Наконец, мы создали коллекцию плазмид, которые можно использовать для создания слитых конструкций с однокопийными промоторами с использованием пяти различных флуоресцентных белков.Используемые здесь флуоресцентные белки были выбраны потому, что они охватывают диапазон длин волн возбуждения, совместимых со многими эпифлуоресцентными и конфокальными микроскопами; Кроме того, системы проточной цитометрии могут обнаруживать большинство этих флуорофоров. Кроме того, было продемонстрировано, что флуоресцентный белок ближнего инфракрасного диапазона eqFP650 хорошо работает с системами визуализации IVIS (17), что делает этот белок чрезвычайно полезным инструментом для исследователей, заинтересованных в проведении исследований на живых животных для мониторинга инфекций. Более того, универсальность этих флуоресцентных белков позволит исследователям отслеживать экспрессию нескольких промоторов в пределах одной популяции клеток и позволяет сортировать эти популяции с помощью сортировки клеток, активируемой флуоресценцией.Полезности этих репортеров, когда они экспрессируются из хромосомы, способствует наличие оптимизированного для TIR сайта связывания рибосомы (RBS), а также генерация оптимизированных по кодонам стафилококков генов, кодирующих эти белки. Из-за высокой гомологии последовательностей между ecfp , eyfp и нативным gfp в bursa aurealis , мы были обеспокоены возможными нежелательными событиями рекомбинации. Однако нам не удалось обнаружить каких-либо событий рекомбинации во время репликации плазмиды в E.coli или S. aureus , как определено с помощью ПЦР и рестрикционного расщепления эндонуклеазами. Кроме того, мы никогда не идентифицировали какую-либо нежелательную рекомбинацию в наших конечных мутантах, что было определено с помощью нескольких ПЦР. Несмотря на эти результаты, мы предлагаем пользователям этой системы обеспечить надлежащий аллельный обмен путем скрининга мутантов с помощью ПЦР. Кроме того, чтобы гарантировать, что любые фенотипы, связанные с событием обмена аллелей, не являются результатом непредвиденных мутаций вторичного сайта, перенос сконструированных мутаций на чистый фон и исследования комплементации (с использованием плазмид, таких как pLI50 [20], pCN51 [21]). , и pRN8298 [21]).

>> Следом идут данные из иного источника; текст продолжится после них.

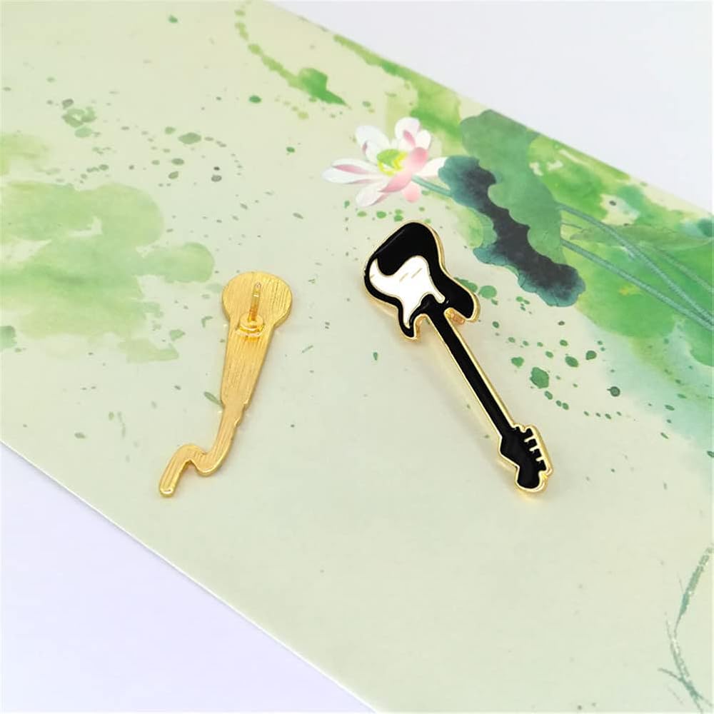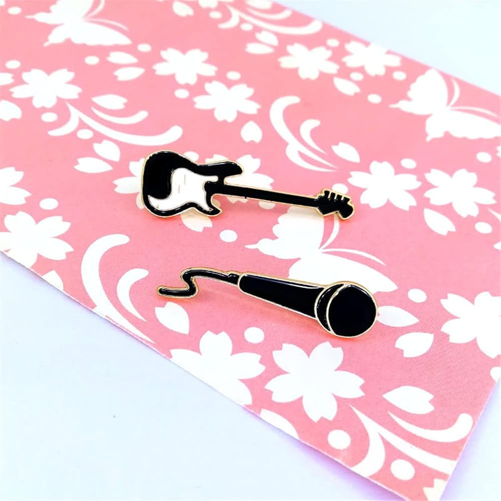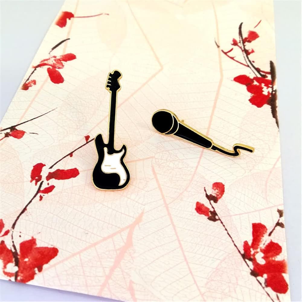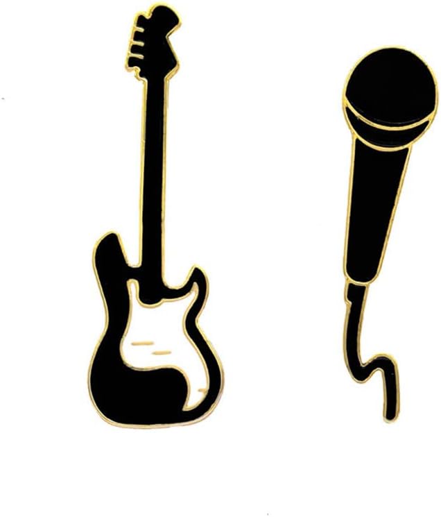 2 قطعة دبابيس مطلية بالمينا على شكل جيتار روك لطيف للميكروفون شارات موسيقى رائعة للحقيبة والملابس ودبابيس طية صدر السترة اكسسوارات هدايا مجوهرات، خليط معدني من الستيل، بدون احجار كريمة, سبيكة صلب,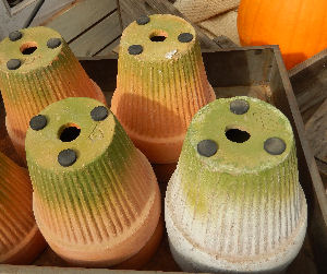 鉢底に付いているゴムの○パッチ.地面に鉢を置いても鉢底穴と少し間が保てる.過湿防止には良さそう.…と思ったが,これだったら家で加工できそうと思い買わず.(^^;

Целью этого проекта было создание полезного генетического «инструментария», который расширяет возможности библиотек bursa aurealis . Помимо NTML, эта система совместима с ранее созданной библиотекой в B. anthracis (11) и библиотекой Phoenix в S. aureus Newman (10) и может использоваться с будущими библиотеками bursa aurealis , созданными у других бактерий. В целом, объединение возможностей этих библиотек с этим разнообразным набором инструментов должно значительно расширить возможности изучения функции и регуляции генов в S.aureus и других важных грамположительных возбудителей. БЛАГОДАРНОСТЬ основного объекта. Кроме того, мы благодарим Кари Нельсон за помощь в подготовке рукописи и Алекса Хорсвилла за предоставление sgfp .
Это исследование было поддержано грантом Министерства обороны W911BNF-09-0164 и грантом NIH PO1AI83211 для P.D.F. и К.В.Б.
Сноски
Опубликованы досрочно 25 января 2013 г.